En attendant Obama

Publié le 04 février 2010 par Hmoreigne

Pragmatiques, Barack Obama et l’administration américaine ont constaté qu’aussi sympathiques soient-ils, les cousins européens n’arrivent toujours pas à se mettre d’accord sur un numéro de téléphone commun. Plus que de l’indifférence, outre-atlantique, on commence à être agacés par l’incapacité du vieux continent à sortir d’un enlisement institutionnel quasi-génétique de l’UE et d’une cacophonie héritée de l’histoire. Appelée par d’autres affaires du monde, Washington fait comprendre que les USA repasseront quand les états européens auront trouvé un minimum d’unité, condition essentielle pour venir jouer dans la cour des grands. Face à ce qui est ressenti comme un camouflet, les yeux se tournent naturellement vers le vieux moteur de l’UE, le couple franco-allemand.

Les affirmations du quai d’Orsay selon lesquelles “on approfondit le lien avec du concret” cachent mal le manque de passion et d’imagination qui affecte le vieux couple. L’Allemagne n’a plus pour la France les yeux de Chimène. La chute du mur et l’effondrement des démocraties populaires a déplacé le centre de gravité de l’UE. Berlin regarde vers l’Est.

La complémentarité entre les deux anciennes puissances rivales est pourtant réelle. D’un côté la France puissance maritime tournée vers l’Ouest, riche de ses territoires d’Outre-mer et de ses relations avec ses anciennes colonies. De l’autre la solide Allemagne, les deux pieds bien plantés dans le continent, respectée par sa puissance économique. Plus que jamais, le couple constitue le noyau dur d’une Europe molle.
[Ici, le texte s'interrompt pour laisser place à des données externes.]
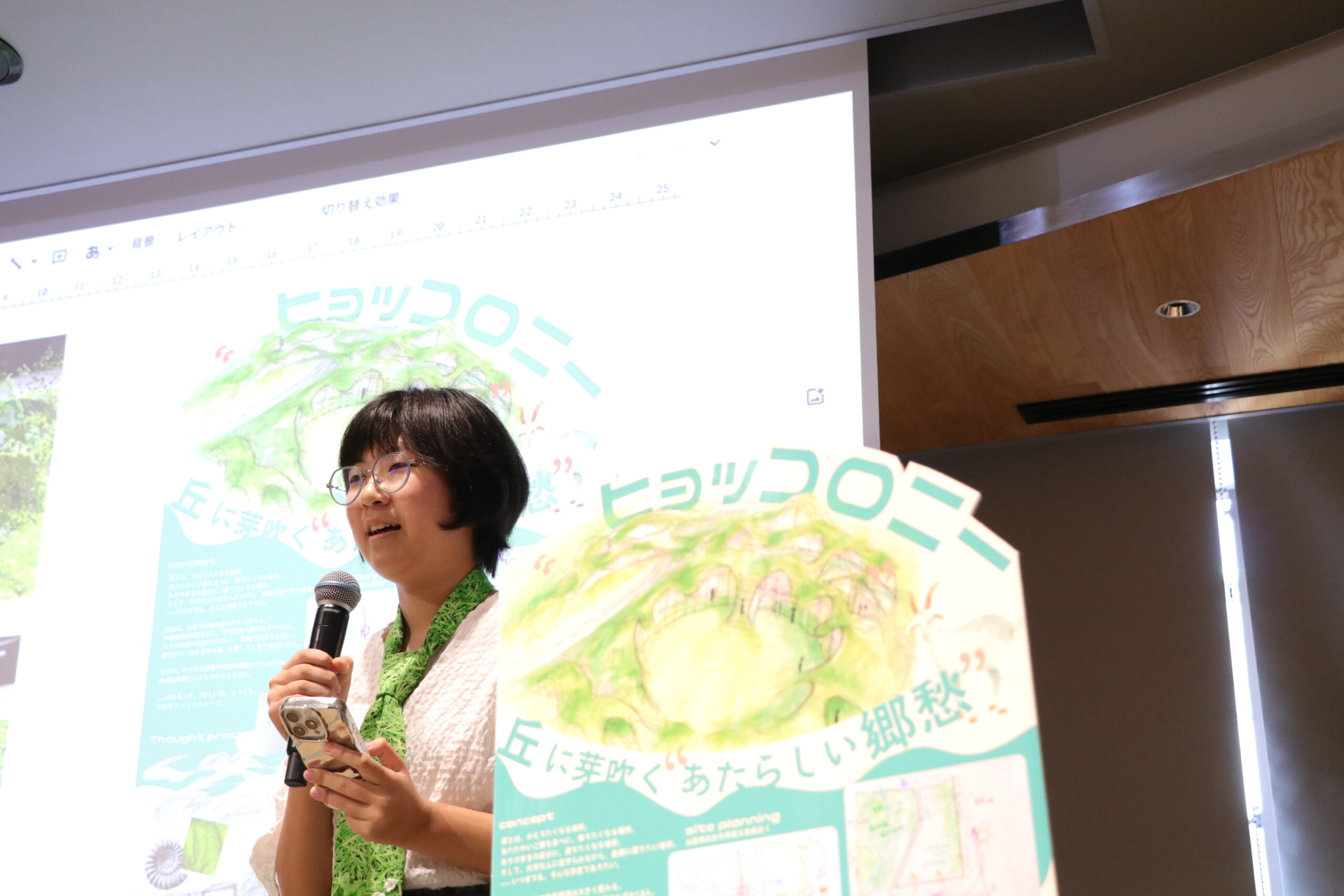 当日は大きなスクリーンを背に、チームごとにマイクを繋いでプレゼンテーションを行いました。 「この屋根の形は、風をこう通すために工夫しました!」 「チームで意見が割れた時は大変だったけど、みんなのアイデアを合体させました!」
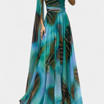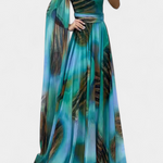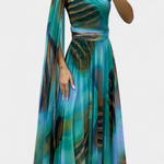 Romantična in sofisticirana, haljina Nives vnese skulpturalni in ženstveni duh zahvaljujoč izrezu z enim ramenom in drapirani rokavi. Nežna cvetlična aplikacija dvigne dizajn, medtem ko se maxi silhueta fluidno giba z gracioznostjo, ustvarjajoč nepozabno prisotnost na katerem koli dogodku. Izdelana iz mehkega in elegantnega materiala, uravnava udobje z rafinirano glamuroznostjo.
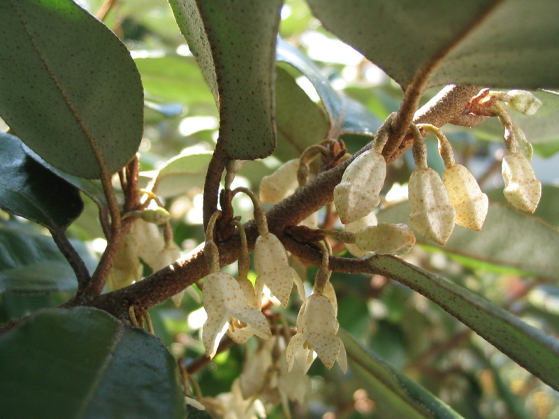 Ich kenne nur den E. ebbingei. Man kann sie erst im Frühjahr schneiden, dann hat man den Duft im Herbst und die Früchte hängen an der Basis der Triebe. Oder vielleicht ist starker Frost während der Blüte der Grund ?
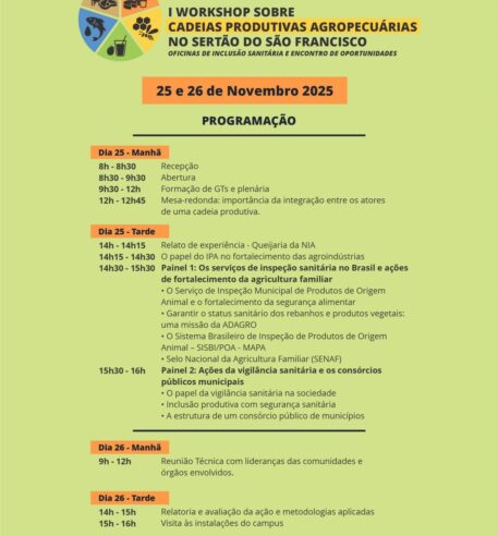 Com foco em temas como a pecuária de corte e leite, fruticultura irrigada, apicultura, piscicultura, caprinovinocultura e agroindústria familiar, o workshop contará com palestras, mesa-redonda, apresentações de casos de sucesso e momentos de integração entre os diversos elos da cadeia produtiva.
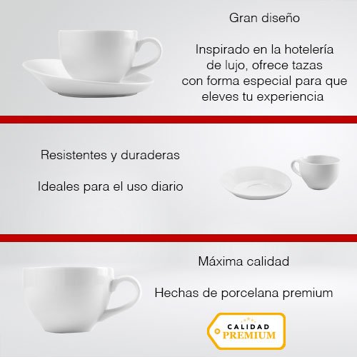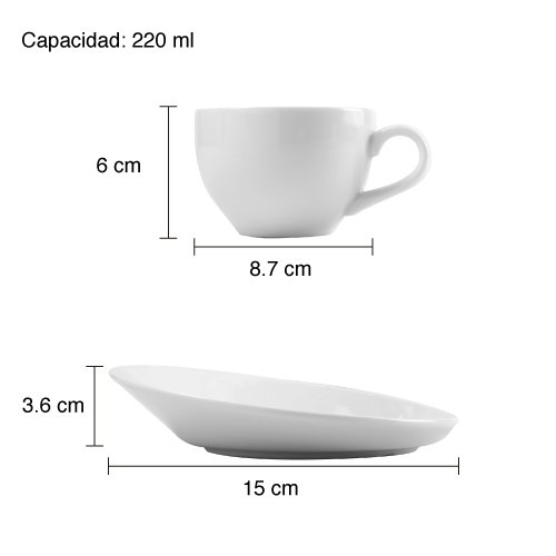 Cada taza incluida en el set tiene una capacidad de 220 ml, perfecta para disfrutar tus bebidas calientes favoritas como café, té, o infusiones. Los platos complementarios no solo son útiles para acompañar con galletas o bocadillos, sino que también aportan un aire distinguido a cualquier sobremesa. Estos elementos combinan diseño ergonómico y sofisticación, haciendo que sean ideales para ocasiones especiales y también para uso diario.
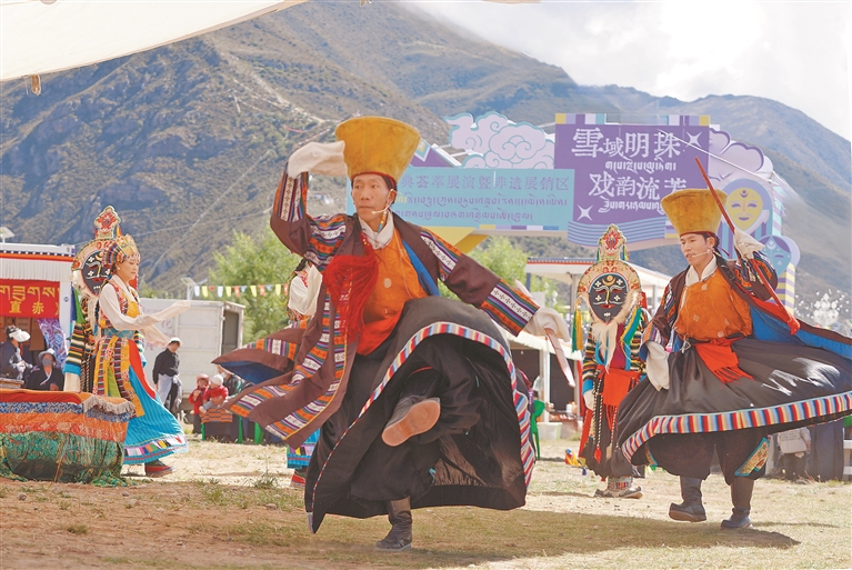 文化旅游節(jié)首場(chǎng)活動(dòng)“雪域明珠 戲韻流芳”藏戲?qū)?chǎng)表演。
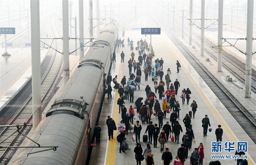 一輛動(dòng)車組列車駛離石家莊火車站(1月9日攝)。 1月10日零時(shí)起,全國鐵路實(shí)行新的列車運(yùn)行圖,增開旅客列車285.5對,其中增開動(dòng)車組列車281.5對。運(yùn)行圖調(diào)整后,全國鐵路開行旅客列車總數(shù)達(dá)到3142對,其中動(dòng)車組列車1980.5對。新華社記者 牟宇 攝
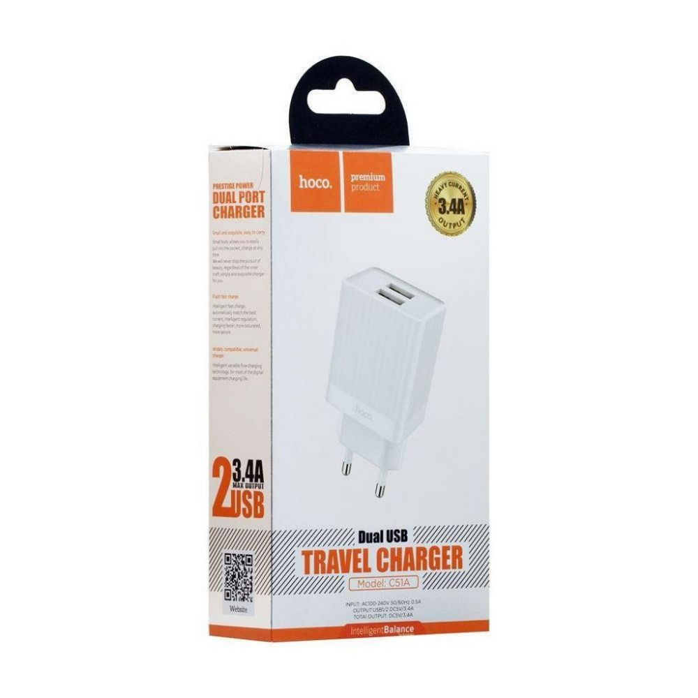 Φορτιστής ταξιδιού Hoco C51A Prestige Power Fast Charging 5V/3.4A λευκός με διπλή θύρα USB για ταυτόχρονη φόρτιση συσκευών όπως κινητά τηλέφωνα, μουσικές συσκευές, GPS, bluetooth ακουστικά κτλ. και πολλαπλή προστασία κυκλώματος. Input: AC100-240V 50/60Hz 0.5A και οutput: USB 1/2: 5V/3.4A.
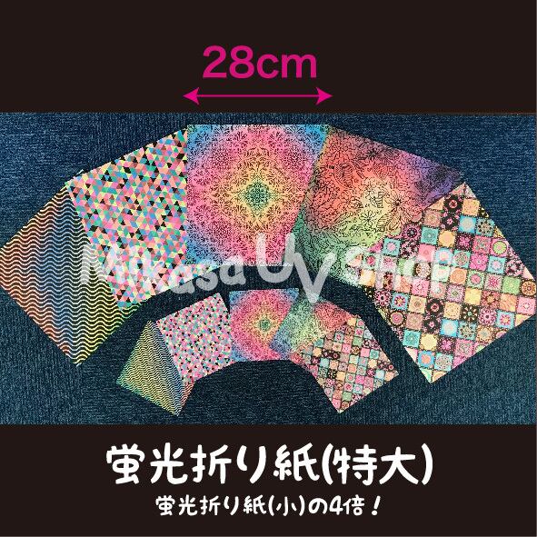 ブラックライトで光る「蛍光折り紙」の特大サイズ、28cm×28cmです。
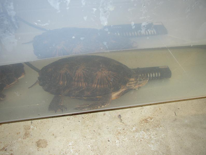 6匹中、とりあえず3匹を衣装ケースで飼育。スペースの関係や個体同士の相性もあり、これ以外の3匹はハコヨコクビ水槽やビルマヤマガメ水槽で雑居させている。雑居水槽の方には陸地とレフ電球があるが、本種が上陸しているところを見た事がない。基本的に水棲傾向が強いようで、日光浴らしい日光浴を好む種類ではなさそうだ。
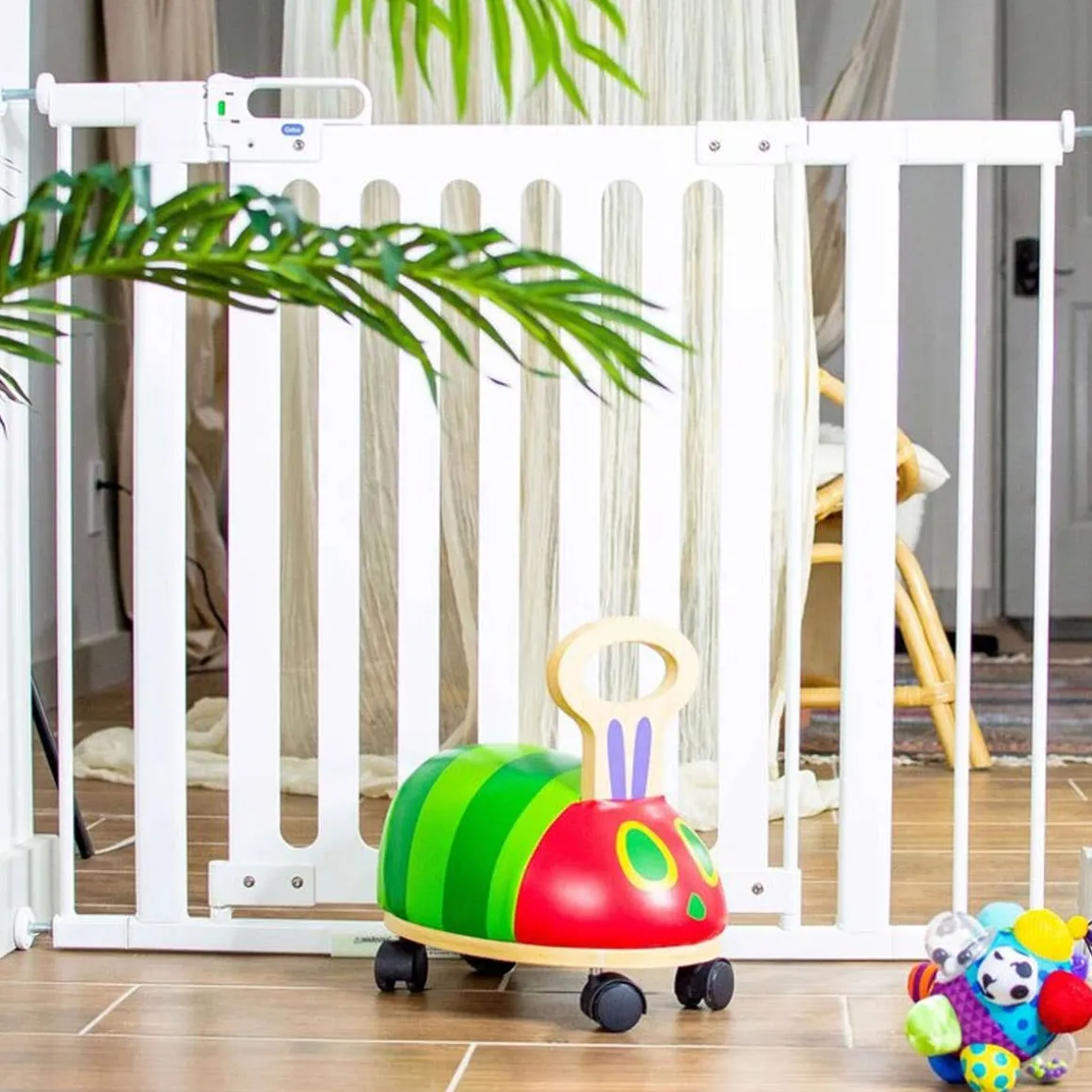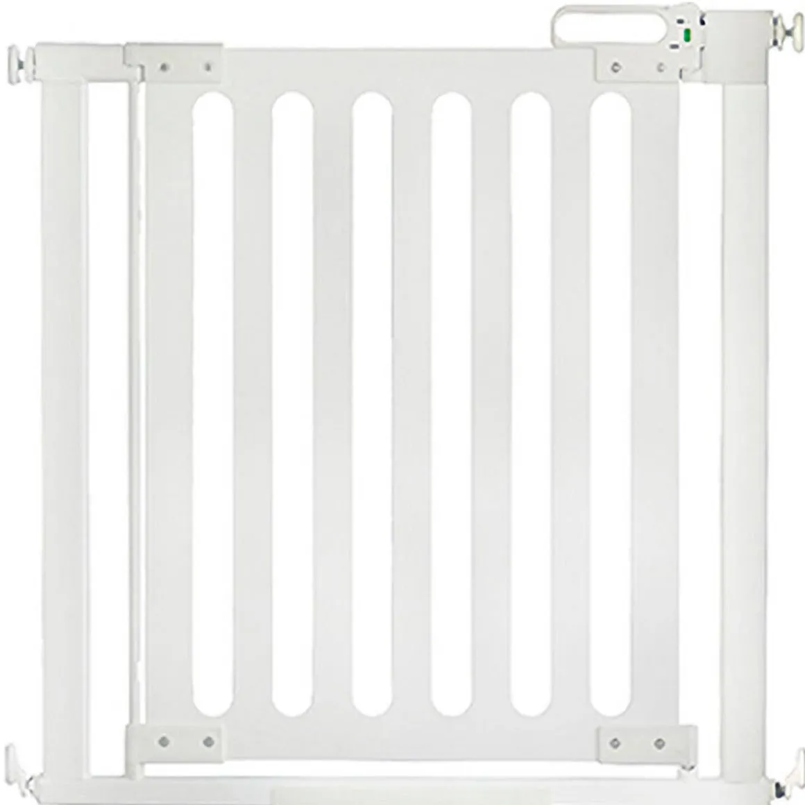 The Spectrum Designer Baby Gate, sculpted from a single piece of furniture grade wood, blends together contemporary design and the Qdos higher standard of safety®. The warm sophisticated design will protect your precious ones and enhance the beauty of your home. Magnetic Level and AccuInstall Indicators® make installation simple and secure; QRF Spindles for mounting over quarter round molding included.

Par sa masse critique, il tient entre ses mains l’avenir d’une UE polymorphe et vide de sens.

La feuille de route affichée à l’occasion du douzième conseil des ministres franco-allemand qui se réunit ce matin à Paris ressemble avec ses 80 mesures réparties dans six domaines d’action à un catalogue à la Prévert. Sous prétexte de pragmatisme, ses rédacteurs tentent de relancer l’attelage par le bas à défaut de toute passion au sommet. La manœuvre présente pourtant de sérieuses limites. Les actions symboliques cachent les divergences des politiques économiques et budgétaires de deux pays dont les dirigeants sont pourtant du même bord.

La délicate question Grecque et au delà, celle des pigs est pourtant l’occasion pour le couple historique de reprendre la main et de soutenir les états en difficultés contre les banques et agences de notation financière dont la supposée acuité ne leur avait pas permis de voir arriver la crise mondiale.

La séquence actuelle est une période charnière dans les tergiversations autour de l’orientation et donc l’avenir de l’UE. La question est bien de savoir si celle-ci doit devenir une Europe des nations, une Europe politique ou, si elle doit rester une Europe technocratique pilotée par une Commission dénuée de toute légitimité démocratique.

A cet égard, force est de constater que Jean Monnet s’est fourvoyé lorsqu’il pensait à propos des européens, qu’à force d’obéir aux mêmes règlements, ils finiront par constituer un peuple.

Le philosophe Paul Thibaud retranscrit bien un sentiment largement partagé lorsqu’il déclare qu’il ne faut pas fonder l’Europe sur des règlements communs mais, sur des défis historiques notamment la défense de nos modèles de solidarité face à la mondialisation.

Le défi que doit relever le couple franco-allemand, c’est la sortie du marais dans lequel l’UE se trouve : une imbrication trop forte pour agir isolément, une unité trop faible pour pouvoir agir ensemble.

Quand les Européens auront répondu à cette question, qu’ils seront organisés et structurés pour traiter des sujets sérieux, le président américain leur réservera alors peut être un créneau sur son agenda.